Enhancement of secure 24/7 operation in data centres
Fig. 1 Source: Dr. Jan Meyer, TU Dresden
Need for power quality monitoring due to mains dirtying by non linear consumers and decentralised feed-ins
The volume of digital data is increasing swiftly and continues to grow. One of the main causes are cryptocurrencies like Bitcoin (XBT), Ether (ETH), Litecoin (LTC) etc. or blockchain technology, which to a certain extent, is like a type of database which runs on several networked servers. The growing demand for data exchange is also spawning the growth in the number of data centres, and they are being planned, built and maintained at massive scale around the globe. However, data centres have to deal with complex challenges in terms of the supply of electric energy, which can have an effect on secure (and legally- compliant) 24/7 operation.

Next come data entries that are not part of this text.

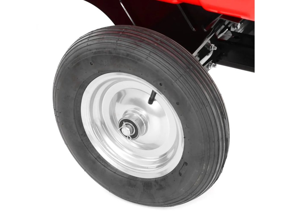 Základný rám vozíka je vyrobený z ocele, korba je z pevného vystuženého plastu. Oje vozíka sú skladacie, po zložení pod korbu dôjde k preklopeniu tretieho pojazdového kolesa, o ktoré sa potom vozík opiera. So zloženými ojami teda vozík možno použiť napríklad ako objemný záhradný vozík. S čalúneným madlom sa takto s vozíkom dobre manipuluje. Pri práci v záhrade takto ľahko môžete mať vozík neustále po ruke, bez toho aby ste museli neustále štartovať a jazdiť s traktorom. Po naplnení vozíka potom len vyklopíte oje, pripojíte ho a materiál ľahko kamkoľvek preveziete. K vyklopeniu vozíka nie je nutné oje odpájať, stačí uvoľniť korbu pomocou páky tiahla a pomocou madla, ktoré slúži na ručné jazdenie, celú korbu ľahko vyklopíte.
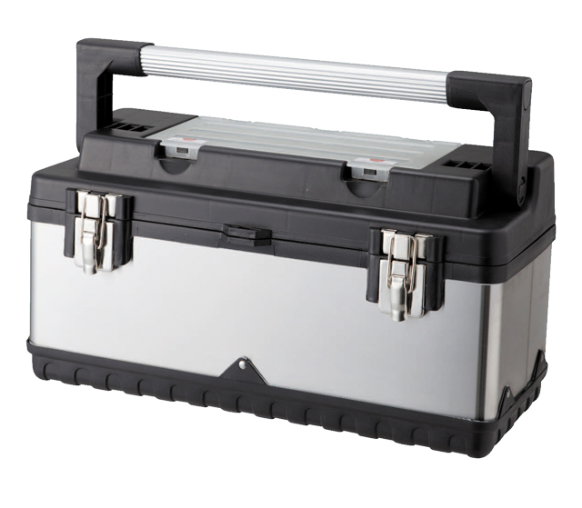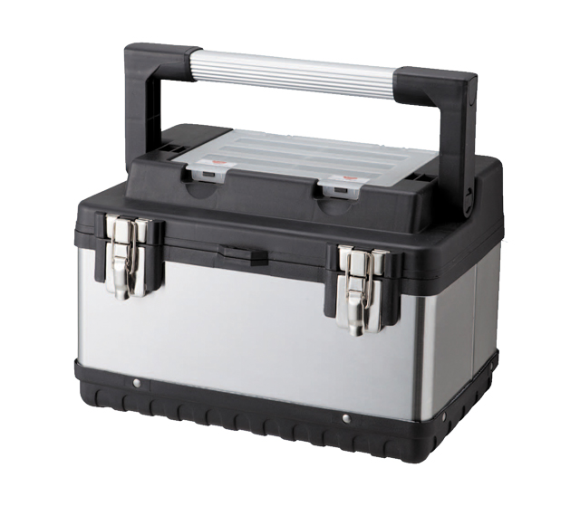 たっぷり収納できて丈夫な工具箱。ステンレス製だから丈夫で安心!小分けに便利なパーツケース付です。サイズ:(外寸)約幅50.5×奥行き23×高さ25.5cm、(内寸)約幅46.5×奥行き17.5×高さ16cm最大積載量:約15kg
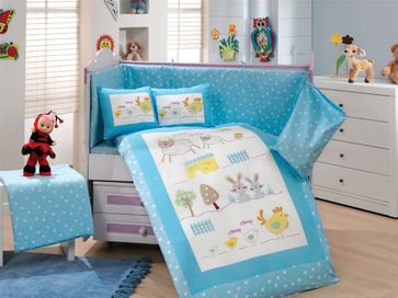 Цвет: голубой, Тип ткани: поплин Плотность: 120 гр/м2 Состав - 100% Хлопок В комплект входит: одеяльце 100х150 см, 2 подушечки 35х45 см, бортик в кроватку 45х210, матрасик 45х65 см пододеяльник 100х150 см, простыня 100х150 см, 2 наволочки 35х45 см, 1 наволочка 40х60 см. и мешочек. Комплект упакован в ПВХ сумку. Текстиль высшего качества None Возможен самовывоз. Есть доставка.
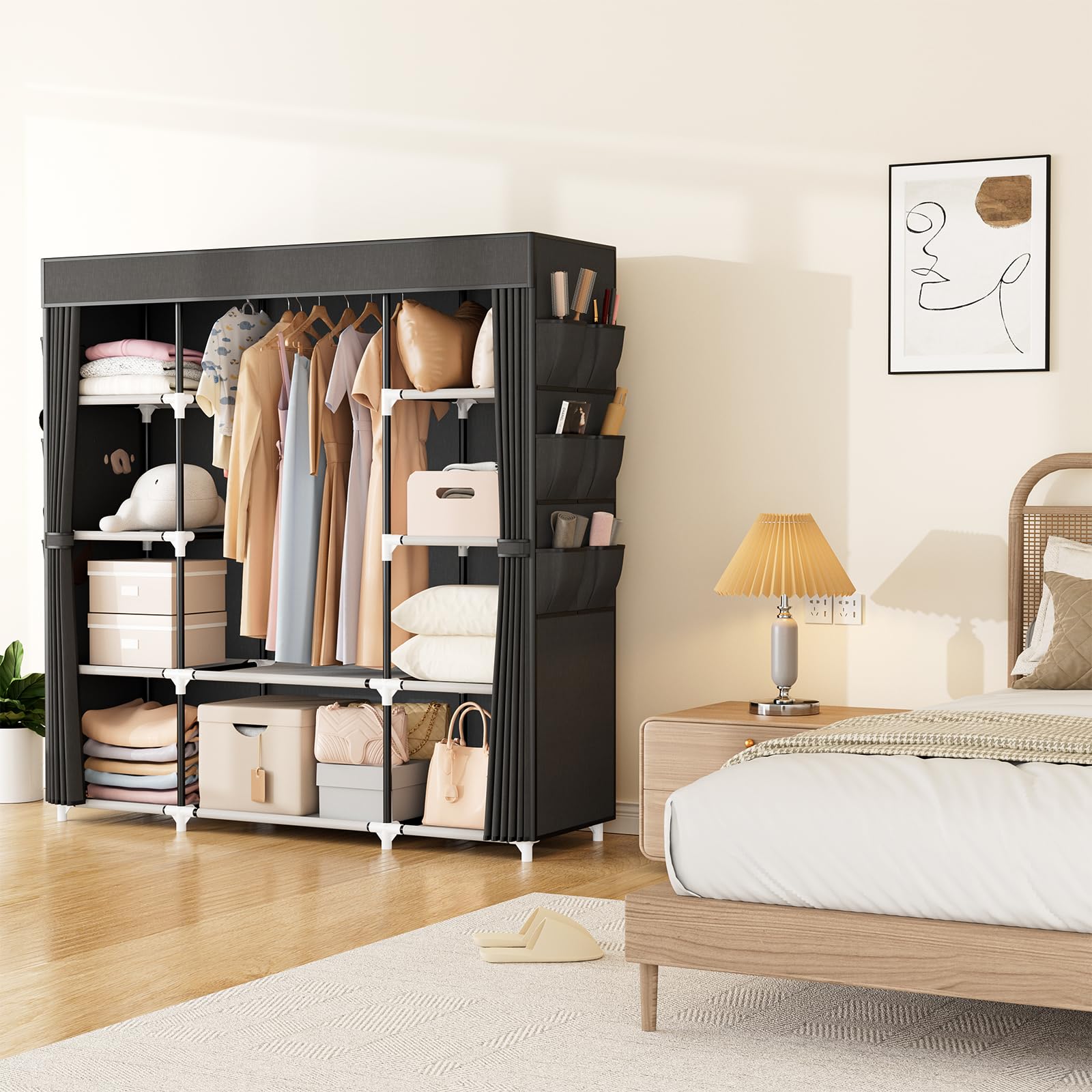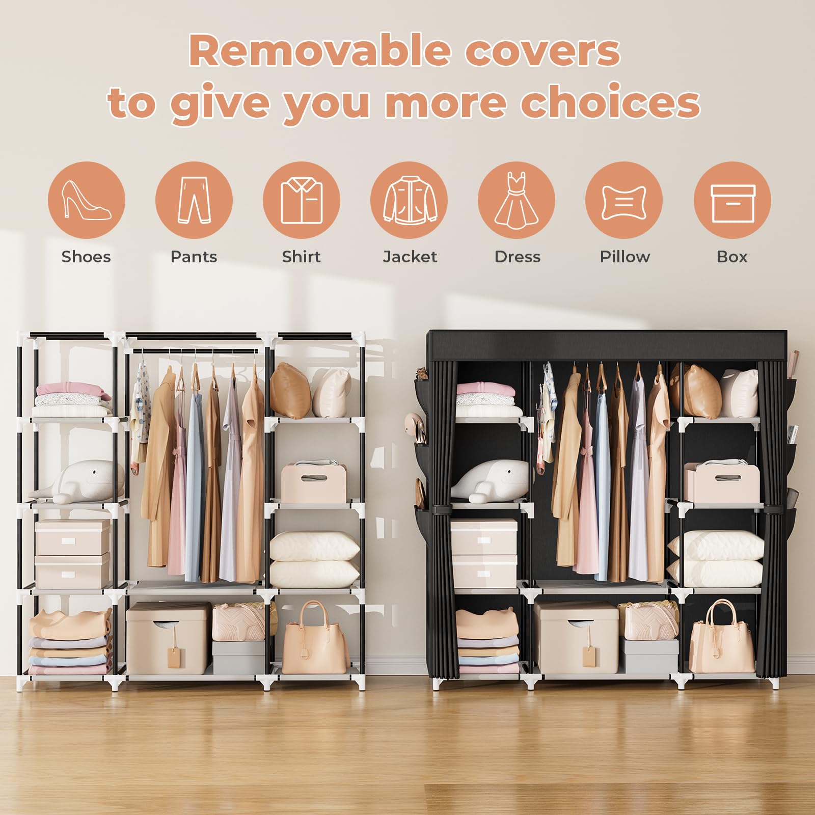 VTRIN Portable Closet Wardrobe for Hanging Clothes 57.3 Inch Large Capacity Clothes Rack with Cover, 10 Storage Organizer Shelves, 1 Hanging Rods and 6 Pockets, Free Standing Closet for Bedroom, Black
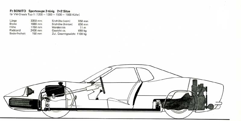 Der Hersteller stellte den Fiberfab Bonito erstmals im September 1969 auf der Frankfurter IAA der Öffentlichkeit vor. Der Wagen war ein formal gut gestaltetes 2+2-sitziges Sportcoupé mit flacher Front, niedriger Gürtellinie und abgesetztem Heck auf dem Fahrgestell und mit dem Motor des VW-Käfers. Optisch entsprach der Bonito den damals gängigen Vorstellungen von einem rassigen Sportwagen.
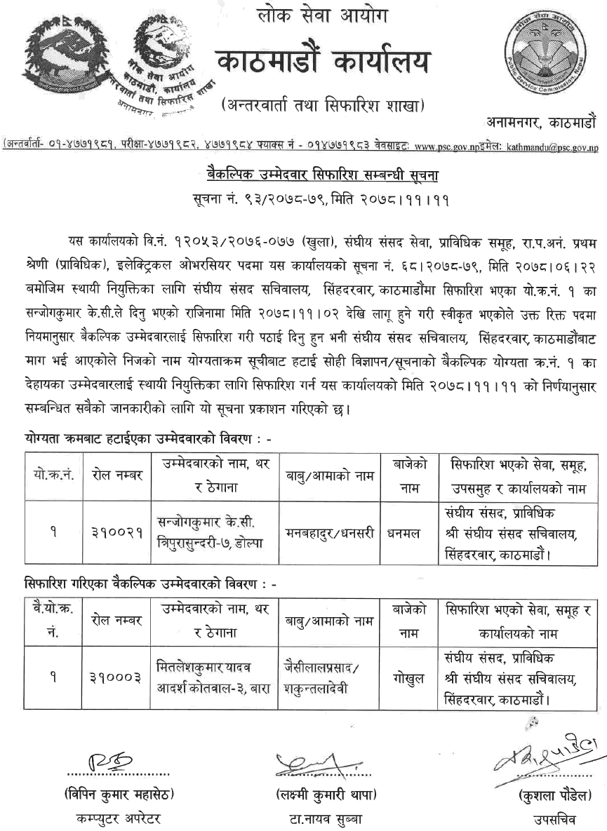 Public Service Commission, Kathmandu Office Advertisement No. 12053 / 2076-077 (Open), Federal Parliament Service, Technical Group, Non-Gazetted First Class (Technical), Alternate Candidate Recommendation for Electrical Overseer Post
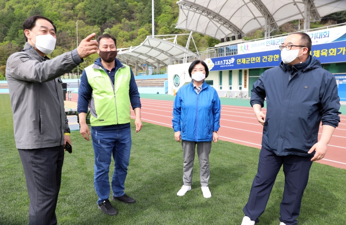 2021년 4월 24일(토) 10:00 인제잔디구장에서 본의회 김용자의장과 김도형의원, 한수현의원은 『인제군민 건강달리기대회』에 참석하여 시총과 군민달리기선수를 격려하였다.
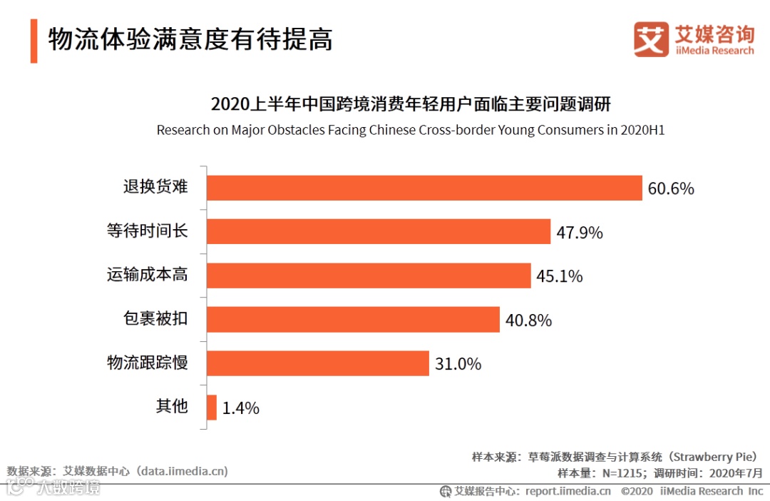 iiMedia Research(艾媒咨询)数据显示,退换货难、等待时间长和运输成本高成为2020上半年中国跨境消费年轻人群面临主要问题。艾媒咨询分析师认为,跨境电商因其独特的物流体系,对平台服务商提出更高的要求。平台应持续提升供应链建设力度,为用户打造更完善的跨境购物体验。
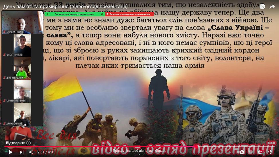 У нових умовах освітнього процесу, складної епідеміологічної ситуації педагоги коледжу знаходять нові ефективні шляхи проведення виховної та профілактичної роботи зі студентами. Так, куратором Зінченко В.В. зі студентами 31 групи проводяться виховні заходи на свіжому повітрі, так звані “зелені уроки”, що дає змогу студентам отримувати інформацію в неформальній обстановці та краще її засвоювати.
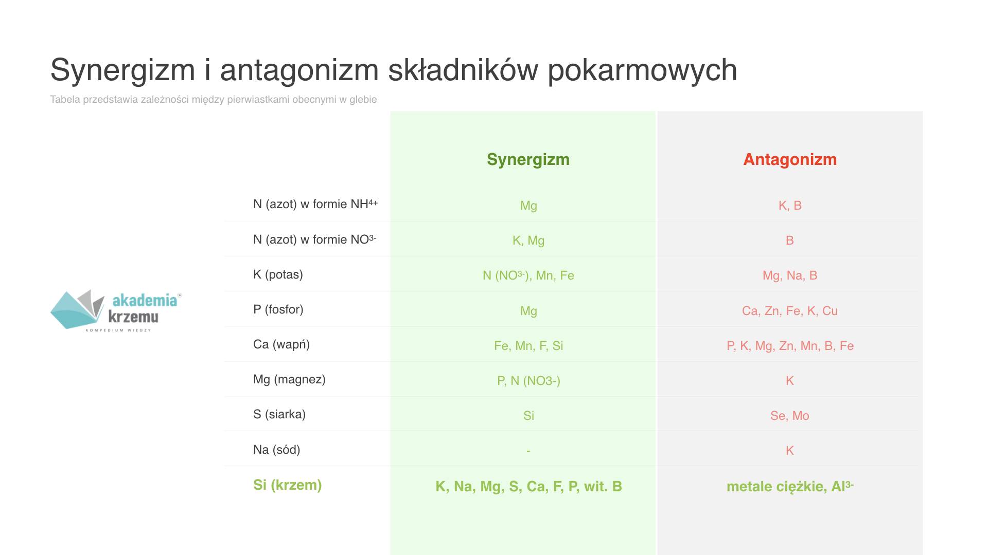 Warto podkreślić, że krzem jest jedynym składnikiem pokarmowym nie wykazującym antagonizmu względem innych składników pokarmowych dla roślin. Co więcej, to wyjątkowo “przyjazny” pierwiastek, który dobrze współpracuje z innymi składnikami pokarmowymi zwiększając ich pobieranie, a blokuje oddziaływanie metali ciężkich.

Various studies have shown that mains power quality problems generate costs that run into the billions each year. Already in 2007, the Pan-European LPQI Power Quality Survey 2007 estimated that the damage was equivalent to 150 billion Euros annually. Meanwhile, the challenges for everyone have continued to grow. And this is especially true for data centres. The reasons for this are as follows:
(1) Mains power noise:
- A strong increase in the number of non-linear consumers (LED lighting, computers, chargers, frequency converters, etc.) that generate harmonics
- Increase in the number of feed-in power sources (for example wind power and PV systems), which lead to instabilities in the voltage levels
(2) Effect of noise:
- The more recent types of equipment (for example servers, control systems, lifts, fire alarm systems, etc.) are more sensitive to noise and prone to failure
- Entire components can be destroyed
- Operational downtimes are financially very costly
- Helplessness when systems fail, because the causes are often undetectable
- The measurement instruments used may be unable to detect disturbances well enough
- No data is logged because the measurement instruments are also disrupted
- In the final instance, experienced, expert and expensive personnel are needed to perform a cause analysis
As described earlier, power quality problems can generate disturbances and system failures which inevitably result in additional cost, time and effort. Power supply noise represents a non-negligible risk (see figure 2) especially for data centres, which are equipped with capital-intensive redundancy (for example UPS systems, generators, multiple power sources) and which normally ought to prevent any downtime or potential damage. Ideally, all the installed equipment should be compliant with the harmonic distortion and noise immunity standards, so it is probable that they can operate trouble-free. However in an unfavourable operating context, for example a large number of similar consumers, asymmetrical net loading, etc., significantly excessive noise levels can occur. To be able to estimate the risks as well as limit them on a permanent basis, power quality monitoring is thus essential. Depending on the structure and topology of the data centre, it can make sense to monitor several different points in the energy supply.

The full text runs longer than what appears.